New sample preparation technologies continue to be developed, enabling scientists to extract biomolecules related to food-borne pathogens more quickly, accurately, and efficiently than ever before. One example cited by Ting, pressure cycling technology (PCT), employs cycles of hydrostatic pressure between ambient and ultra-high levels (up to 35,000 psi and greater) to safely, reproducibly, and efficiently release DNA, RNA, and proteins from food, plant, and biological samples within minutes, allowing for more rapid and accurate downstream testing.
At present, PCT technology is being used by approximately seventy-five laboratories around the world, mostly in the areas of biomarker discovery (to detect markers for cancer, stroke, neurological disease, etc.), soil and plant biology (to detect pathogens harmful to food crops, such as wheat and strawberries), forensics (mostly in the detection of DNA), human disease (to detect microbes that live on or in the human body), and counter-bioterror applications.

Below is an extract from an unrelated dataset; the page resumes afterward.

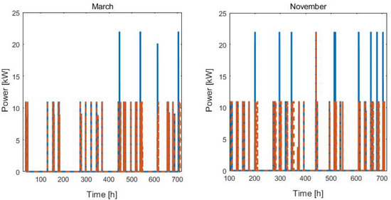 For the charge management, we compare the results for the FIFO and linear optimization approaches, as presented in Section 2.1. For the linear optimization approach, we chose to satisfy the charge requests, even if this leads to a violation of the power limit constraint. Figure 6 shows the results of applying the two approaches for the months analyzed. In particular, the limit value set for the station in approach (b) is 11 kW. With the FIFO approach, the power reaches 22 kW in some cases. If approach (b) is applied, the power always remains below the 11 kW limit, except in a single case in November. The reduction in the above-threshold power used with or without optimization is 89% for the month of November and 100% for March.
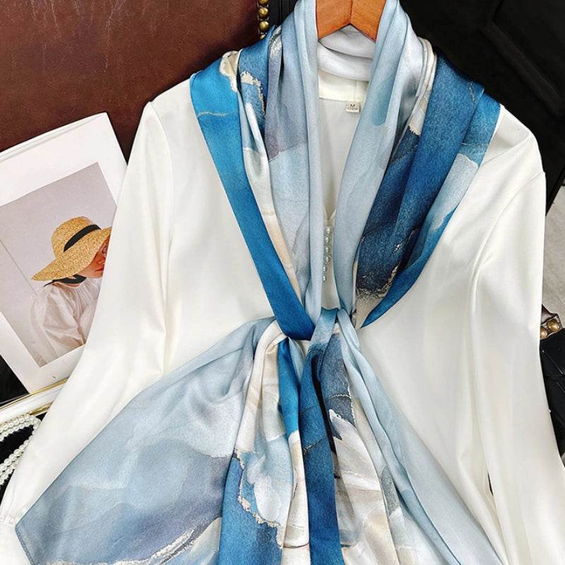 - When using or storing the scarf, avoid direct contact with desiccants, cosmetics, perfumes, etc. If the scarf accidentally gets stained, handle it promptly: place a tissue on the stained surface and use the back of a dry towel to pat the stain, allowing it to absorb into the tissue. PS: Silk scarves should avoid exposure to rain; if accidentally wet, flatten and air dry immediately.

Currently, several USDA laboratories are employing the technology, as is at least one laboratory of the Food and Drug Administration (FDA).
Ting believes that the issues affecting the quality of sample preparation in the food safety industry are fundamentally the same as those facing the biotech drug discovery and development laboratory. Traditional sample preparation methods are difficult to reproduce due to user variability, sample collection contamination, and the fundamental process limitations of the basic extraction technology. Conversely, PCT uses pressure, a bio-physical force that is instantaneously and uniformly transmitted to all points within the disposable sample container, thus offering the potential to standardize the sample preparation process, a significant advantage to any method.
“Current sample preparation methods used in the food industry may fail to preserve sensitive and important biomolecules, especially proteins, or fail to liberate them from complex biological structures,” explains Ting. “It may be difficult to effectively find the contaminating pathogen if the sample preparation method cannot reproducibly and effectively provide proper preparation of the sample, in order to efficiently release pathogen DNA, RNA, or proteins from the food sample prior to testing and analysis.”
The food safety spectrum involves not only bacteria pathogens but also allergens and genetically modified organism (GMO) issues. “All of these areas will depend on effective sample preparation methods,” said Ting. “Having speed, increased reproducibility, the opportunity for greater accuracy, and the ability to standardize the preparation of the samples to be tested, will better allow for “hold and release” strategies, which should further enhance food safety.”
“Higher levels of quality are now being expected from the food industry and the scientific community to develop better ways to increase the safety of the world’s food supply,” says Ting. “To that end, we believe that new sample preparation methods, such as PCT, will begin to play more important roles in the identification of foodborne pathogens going forward.”